◆ Information supplied ◆
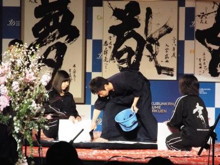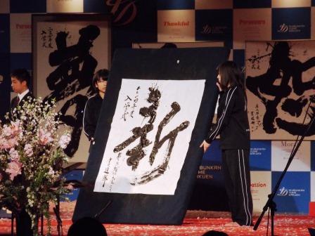 郁文館夢学園では、今年もブラスバンド部の生演奏の中、毎年全国大会の常連でもある書道部の席上揮毫によって漢字一文字が書かれました。今年の漢字は“新”です。
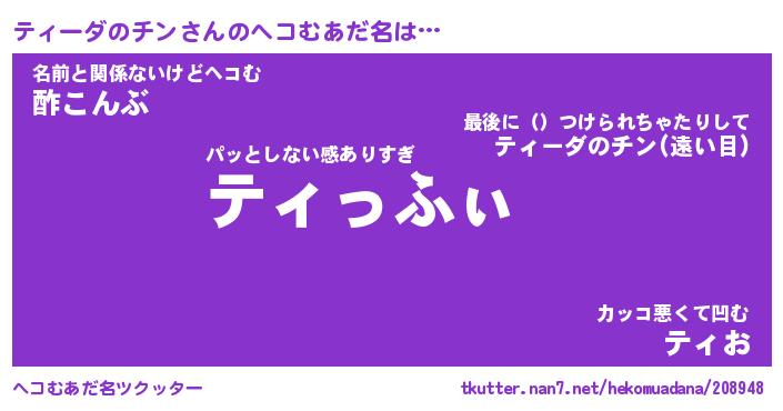 | ポケモン風あだ名 | 『ティチュウ』『ティーダネ』 |
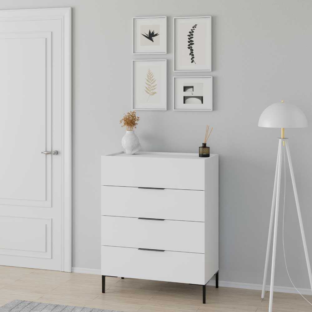 Adaugă un element de eleganță și funcționalitate în locuința ta cu această comodă rafinată. Cu designul său simplu și finisajele impecabile, această comodă este soluția ideală pentru a păstra ordine în spațiul tău de locuit. Cu o construcție solidă, comoda oferă loc suficient pentru depozitarea obiectelor personale și a altor lucruri importante. Versatilă și practică, această comodă se potrivește perfect în orice încăpere, de la dormitor până la living. Alege calitatea și stilul pentru locuința ta cu această comodă de încredere! Dimensiuni: 80 x 104 x 44 cm Culoare: Alb – Nuc Specificatii: Textura de lemn natural imbinat cu lemn vopsit multicolor Manere din metal placate cu crom 4 sertare foarte spatiose Design ergonomic, adecvat pentru utilizarea in spatii mici Picior special creat pentru a evita zgarierea pardoselii

◆ Task instructions ◆
Output the material above exactly, without pictures.

◆ Solution to this problem ◆
 郁文館夢学園では、今年もブラスバンド部の生演奏の中、毎年全国大会の常連でもある書道部の席上揮毫によって漢字一文字が書かれました。今年の漢字は“新”です。
 | ポケモン風あだ名 | 『ティチュウ』『ティーダネ』 |
 Adaugă un element de eleganță și funcționalitate în locuința ta cu această comodă rafinată. Cu designul său simplu și finisajele impecabile, această comodă este soluția ideală pentru a păstra ordine în spațiul tău de locuit. Cu o construcție solidă, comoda oferă loc suficient pentru depozitarea obiectelor personale și a altor lucruri importante. Versatilă și practică, această comodă se potrivește perfect în orice încăpere, de la dormitor până la living. Alege calitatea și stilul pentru locuința ta cu această comodă de încredere! Dimensiuni: 80 x 104 x 44 cm Culoare: Alb – Nuc Specificatii: Textura de lemn natural imbinat cu lemn vopsit multicolor Manere din metal placate cu crom 4 sertare foarte spatiose Design ergonomic, adecvat pentru utilizarea in spatii mici Picior special creat pentru a evita zgarierea pardoselii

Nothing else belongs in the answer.